Basic conventions

Model names should be made of the following components:

  • Prefix: Type of model
  • Name: Descriptive name of the model
  • Suffix: Optional additional context

Table names should be:

  • Lowercase.
  • Written in snake_case, with single underscores.
  • Plural. For example, dim_customers ✅ vs dim_customer ❌.
  • Descriptive enough to understand the content of the model without having to look at the model itself.
  • Concisely named, but not so short that the name is ambiguous.

Following are a few examples of model names that follow the above conventions:

Examples:

  • stg_salesforce_opportunities
  • fct_chargebee_subscriptions
  • fct_customer_revenue_monthly
  • dim_customers_history

Prefixes

The prefix should be a short abbreviation that describes the type and role of the model. These roles correspond to the different stages of the ELT process and will usually have a corresponding schema in the database.

Refer to the Warehouse Layers section for more information on the different schema types.

Following is a list of common warehouse layers and their corresponding prefixes:

  • raw_: Raw data from source systems.
  • stg_: Staging area for data transformation.
  • int_: Intermediate models that are created during the transformation process.
  • snap_: Snapshot models that store historical data.
  • fct_: Fact tables.
  • dim_: Dimension tables.
  • mart_: Mart tables.

Raw Data

Prefix: raw_

Raw table names should be the same as the source table names or as close as possible.

Examples

The replica of the table users from main_db should be called raw_main_db_users.

Staging

Prefix: stg_

Staging models should also contain the source system that the data is coming from.

Examples

stg_salesforce_contracts or stg_zuora_subscriptions.

Staging Partials

Prefix: stg_part_

Partial staging tables may be used in the cases where the source data exists in multiple tables or files or is otherwise split into multiple parts.

Examples

stg_part_accounts_deleted and stg_part_accounts_active which are then combined into stg_accounts.

Intermediate

Prefix: int_

Intermediate tables that are created during the transformation process.

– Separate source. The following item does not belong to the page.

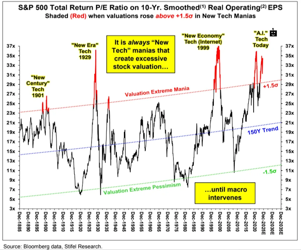 As the chart shows, this metric is currently at levels indicating "extreme valuation exuberance," comparable to peaks seen in 2021, 2000, and 1929, sitting 1.5 standard deviations above its 10-year trend. This suggests investors may be overly optimistic about AI by historical standards.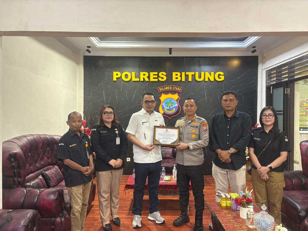 Piagam penghargaan itu diserahkan langsung oleh Ketua KPU Kota Bitung, Deslie Sumampouw, SE, didampingi Komisioner Frangky Takasiaeng, Sekretaris KPU Poula Tuturoong, SE., MAP, serta staf KPU lainnya. Penyerahan berlangsung di ruang kerja Kapolres, dalam suasana hangat penuh kebersamaan.

The name of a table should describe the data that is being transformed along with the nature of the transformation.

Examples

A denormalised table that combines Salesforce accounts with their parent accounts may be called int_salesforce_accounts_with_parent.

Snapshot

Prefix: snap_

Snapshot models should be suffixed with the name of the model being snapshotted.

Examples

A table that snapshots int_salesforce_accounts_with_parent should be called snap_int_salesforce_accounts_with_parents.

Facts

Prefix: fct_

Fact tables should be named after the most granular entity that the fact table is about.

Aggregated Facts

For aggregated fact tables, the name should include all the dimensions that are being factored, as well as the frequency of the data.

This will help to differentiate between different fact tables that may exist for the same entity - for example, monthly revenue vs daily revenue.

Examples

  • A fact table that contains all messages sent between users could be called fct_user_messages.
  • A fact table that contains monthly revenue data should be called fct_accounts_revenue_monthly.

Dimensions

Prefix: dim_

Dimension tables should be named after the entity that the dimension is about. By default, it is assumed that the dimension table only contains the most recent data.

Slowly Changing Dimensions

For slowly changing dimensions, the table should be suffixed with _history to indicate that it contains historical data.

Examples

  • A dimension table that contains information about customers should be called dim_customers.
  • A slowly changing dimension table that contains historical data about customers should be called dim_customers_history.

Marts

Prefix: mart_

Mart tables or “exposures” are tables that are used for reporting and analysis. They are usually a combination of facts and dimensions. They areused to expose data to end-users, are denormalised for ease of use and usually serve a specific business function or use case.

These tables should be named after the business function or use case that they serve.

Examples

  • A mart table that contains customer retention cohort data could be called mart_customer_retention_cohorts.
  • A mart table used to create customer segments for online ads could be called mart_online_ads_customer_segments.